Data extracted from a collection:
_ _ _ _ _
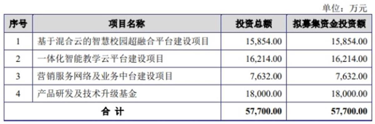 本次IPO金智教育擬在深交所創(chuàng)業(yè)板募資5.77億元,用于“基于混合云的智慧校園超融合平臺建設(shè)項目”、“一體化智能教學(xué)云平臺建設(shè)項目”、“營銷服務(wù)網(wǎng)絡(luò)及業(yè)務(wù)中臺建設(shè)項目”、“產(chǎn)品研發(fā)及技術(shù)升級基金”。
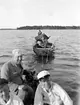 Svartå Herrgård 28 juli 1966 I en sjö utanför Svartå Herrgård sitter två herrar klädda i kostymer, skjortor och slipsar. Den ene ror och den andre fiskar med ett spö i sina händer. Herrgården syns i bakgrunden.
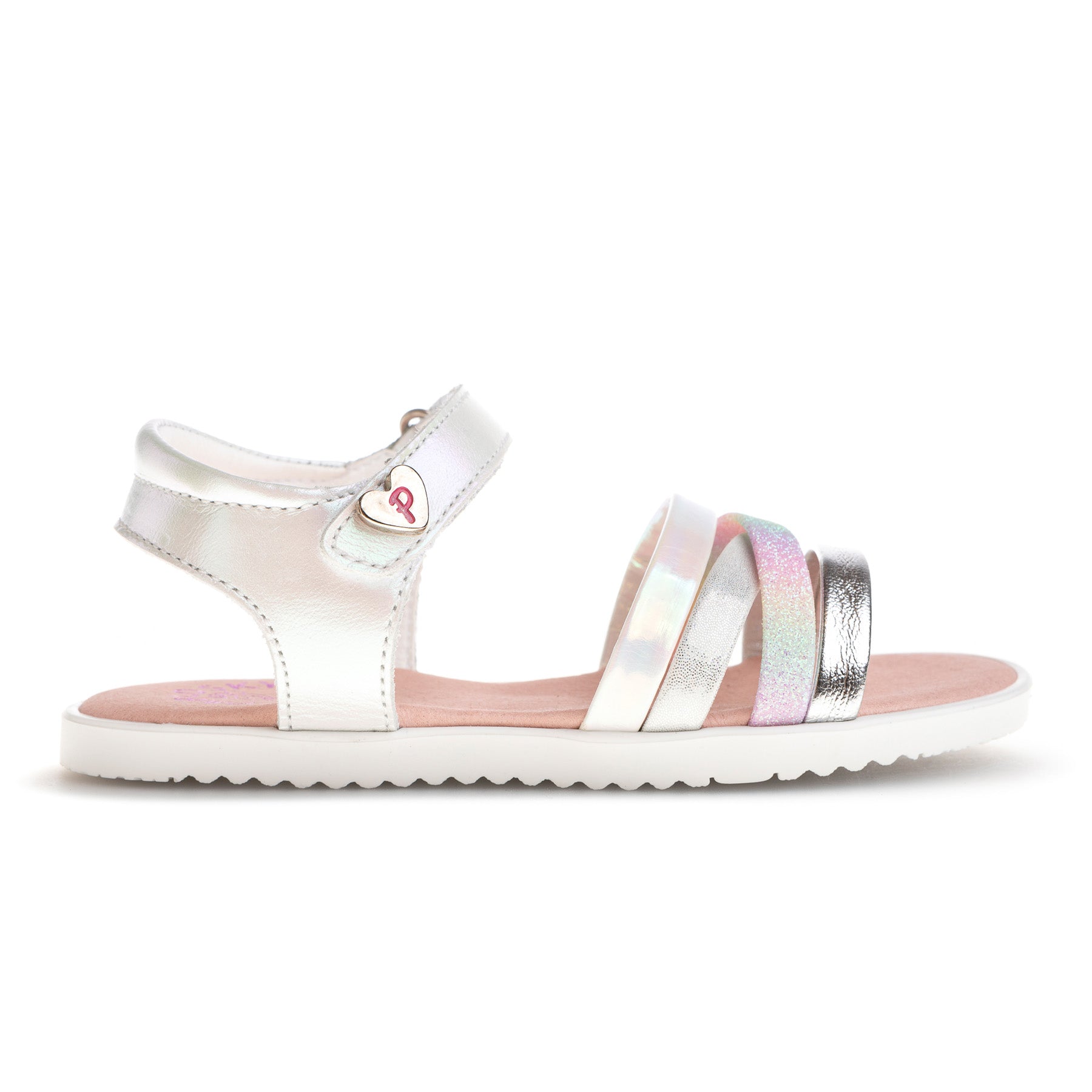 - White leather upper with metallic, iridescent, and glitter straps for a playful finish
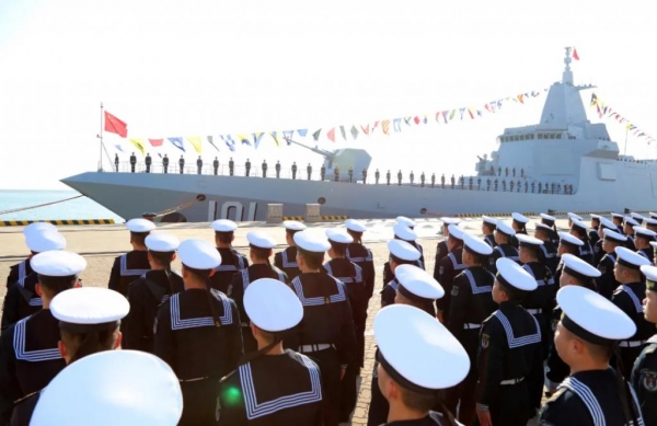 2020 年 1 月 12 日,中国人民解放军海军 055 型驱逐舰首舰南昌舰归建入列仪式在青岛某军港码头举行。新华社记者 李唐 摄
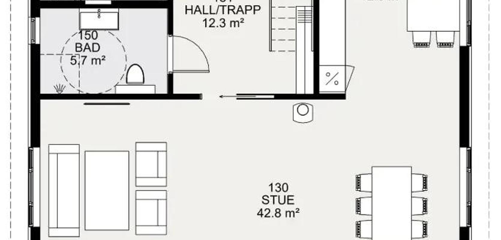 Kjøkkenet ligger i en krok med et stort vindu, noe som gir en intim og koselig, men samtidig lys opplevelse av rommet. Det er også plass til flere sittegrupper i oppholdsrommet, og du vil nyte et fint og lyst område under arken som stikker ut midt på huset. Herfra er det også en dobbeltdør ut mot terrassen og hagen.
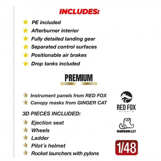 - Conjunto de resina impressa em 3D composto por assento ejetor, dois lançadores de foguetes com postes, uma escada e um capacete de piloto.
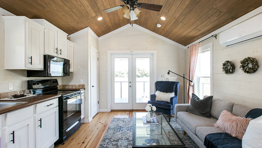The Sipsey Park Model features a thoughtfully designed open floor plan that fosters a bright and welcoming atmosphere throughout the living space. The seamless flow between the kitchen and living area leads you effortlessly into the master bedroom, which is complemented by a generously sized bathroom that boasts a luxurious 60” fiberglass shower. For added convenience, a short and child-friendly staircase provides easy access to the spacious loft, perfect for extra sleeping or play space. Whether you're planning a weekend getaway with family or friends, the Berry model comfortably accommodates up to six guests, ensuring a delightful retreat for everyone.
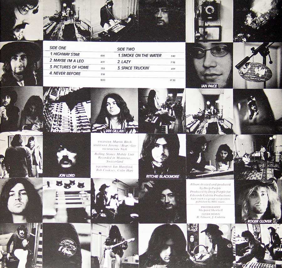 A collage of small photos of the Deep Purple band-members, and production information on the inner page of the gatefold cover
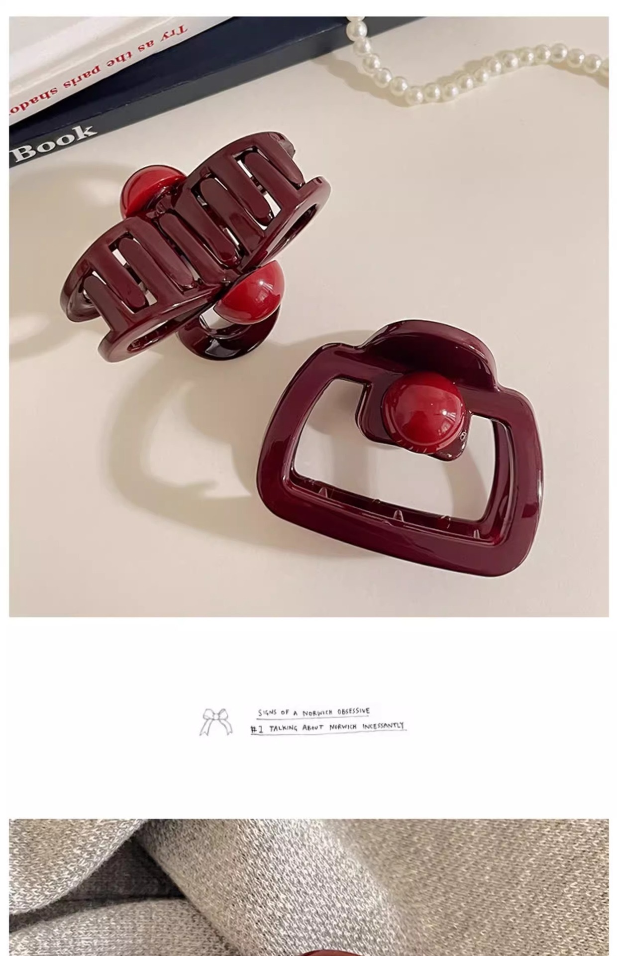 Anchor Red pequeño clip de cabello de arco agarrar clip de cabello de tiburón en la parte posterior de la cabeza femenina clip de cabello pequeño clip
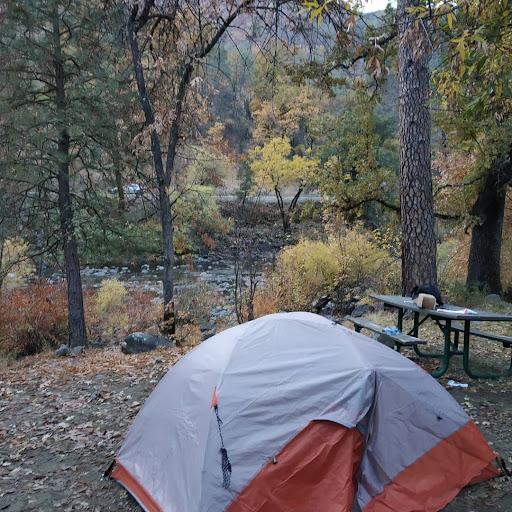 Located next to the Merced River. Campsites vary from large to small. Bathrooms are nearby and well maintained. I believe there's 5 spots. The first three are large to medium sized. Last two are small. The sandy beach on the river is about a quarter mile. It's best to drive if you're with very young kids or older adults. I mention the sandy beach down the river because the area of the river the campsite is on is very stony. Boulders and slippery rocks dominate this part of the river. Walking in the river is hazardous around this area. Best to go to the sandy beach. You'll thank me....
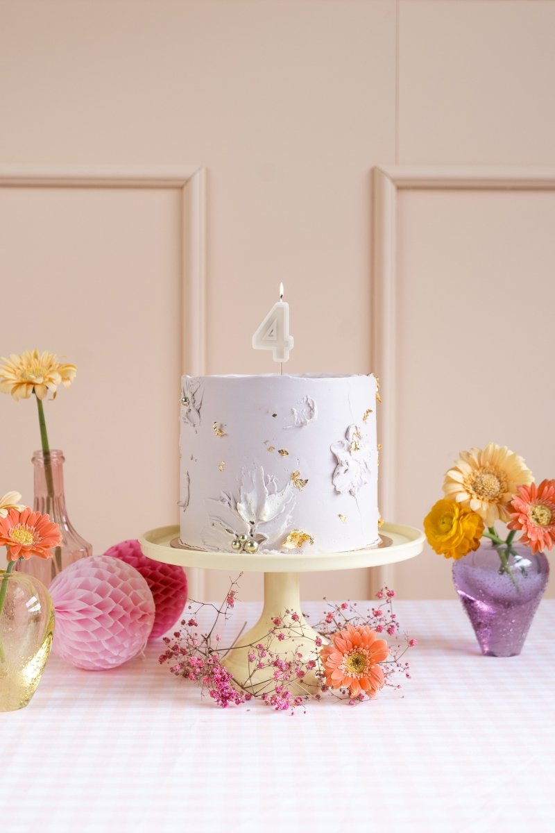 Fødselsdagslys nummer 4 i beige, højde lys ca. 6 cm, højde lys med pind ca. 10 cm.
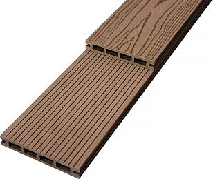 Бархатистая текстура и цвет приближает внешний вид к натуральному дереву, в отличие от большинства аналогов террасной доски, внешний вид которых выдает пластиковую основу профиля из ДПК.
_ _ _ _ _
(What the task requires): When you reach the line that has "2020 年 1 月 12" in the data above, start repeating lines exactly, and stop after the line that has "- Conjunto de"; pictures stay out.

(Result of this exercise):
 2020 年 1 月 12 日,中国人民解放军海军 055 型驱逐舰首舰南昌舰归建入列仪式在青岛某军港码头举行。新华社记者 李唐 摄
 Kjøkkenet ligger i en krok med et stort vindu, noe som gir en intim og koselig, men samtidig lys opplevelse av rommet. Det er også plass til flere sittegrupper i oppholdsrommet, og du vil nyte et fint og lyst område under arken som stikker ut midt på huset. Herfra er det også en dobbeltdør ut mot terrassen og hagen.
 - Conjunto de resina impressa em 3D composto por assento ejetor, dois lançadores de foguetes com postes, uma escada e um capacete de piloto.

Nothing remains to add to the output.